Przejdź do treści
Przejdź do stopki

Wybory w cieniu ataków

Treść

Prawie 500 ataków bojowników islamskich odnotowano podczas sobotnich wyborów parlamentarnych w Afganistanie. To drugie głosowanie w tym kraju od momentu obalenia w 2001 roku rządu talibów. W wyniku ataków zginęło co najmniej 25 osób, w tym 7 cywilów, 11 policjantów i żołnierzy afgańskich, 4 żołnierzy sił międzynarodowych oraz 3 członków Niezależnej Komisji Wyborczej (IEC).
Komisja wyborcza podała, że 8 proc. z 5816 lokali wyborczych albo nie zostało otworzonych ze względów bezpieczeństwa, albo nie poinformowały one o otwarciu. Wcześniej też, po licznych groźbach ze strony talibów, komisja zrezygnowała z otworzenia ponad tysiąca miejsc głosowania.
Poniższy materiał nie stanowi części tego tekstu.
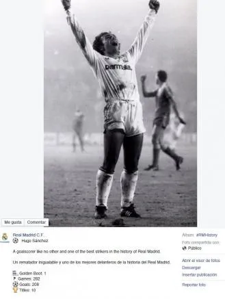 El conjunto merengue subió una foto a su cuenta de Facebook donde pusieron los logros que tuvo 'Hugol' con el equipo y el mensaje "Un rematador inigualable y uno de los mejores delanteros en la historia del Real Madrid".

Jak zauważa Agencja Reutera, ataki talibów i liczba zamkniętych w związku z nimi lokali wyborczych są głównym powodem obaw o niską frekwencję, która może zaszkodzić i wynikom, i wiarygodności głosowania. Jak bowiem wynika z informacji podawanych przez IEC, do urn poszło zaledwie 3,6 mln obywateli, czyli około 40 proc. uprawnionych. Zagraniczni obserwatorzy obawiają się także oszustw wyborczych, gdyż podczas wyborów prezydenckich z ubiegłego roku Komisja ds. Skarg Wyborczych odrzuciła aż jedną trzecią głosów, uznając je za sfałszowane. Jeszcze przed sobotnim głosowaniem oraz w jego trakcie pojawiały się doniesienia o nieprawidłowościach, w tym o fałszywych kartach do głosowania oraz próbach przekupienia i zastraszania wyborców. Jak podaje AFP, w Kabulu wielu głosującym udawało się także zmyć z palców tusz, który potwierdza oddanie głosu, a który miał być niezmywalny.
Pomimo jednak tych nieprawidłowości i prób zakłócenia przebiegu głosowania sekretarz generalny NATO Anders Fogh Rasmussen chwalił Afgańczyków, "że nie dali się zastraszyć i wzięli udział w kształtowaniu lepszej drogi swojego kraju". Rasmussen docenił także władze Afganistanu za przygotowanie wyborów, zaś afgańskim siłom bezpieczeństwa pogratulował "odporności oraz rosnących zdolności do planowania i przeprowadzenia działań zabezpieczających". Dzięki nim bowiem, choć w trakcie sobotnich wyborów doszło do rekordowej liczby ataków, liczba ofiar śmiertelnych była ponaddwukrotnie mniejsza aniżeli w przypadku wyborów prezydenckich z 2009 roku, w czasie których doszło do niemal tak samo dużej liczby zamachów.
W sobotę Afgańczycy wybierali 249 deputowanych do Zgromadzenia Narodowego (Wolesi Dżirga) spośród 2500 kandydatów (w tym 386 kobiet). Wstępne rezultaty wyborów będą jednak znane nie wcześniej niż 8 października, a ostateczne dopiero po 30 października.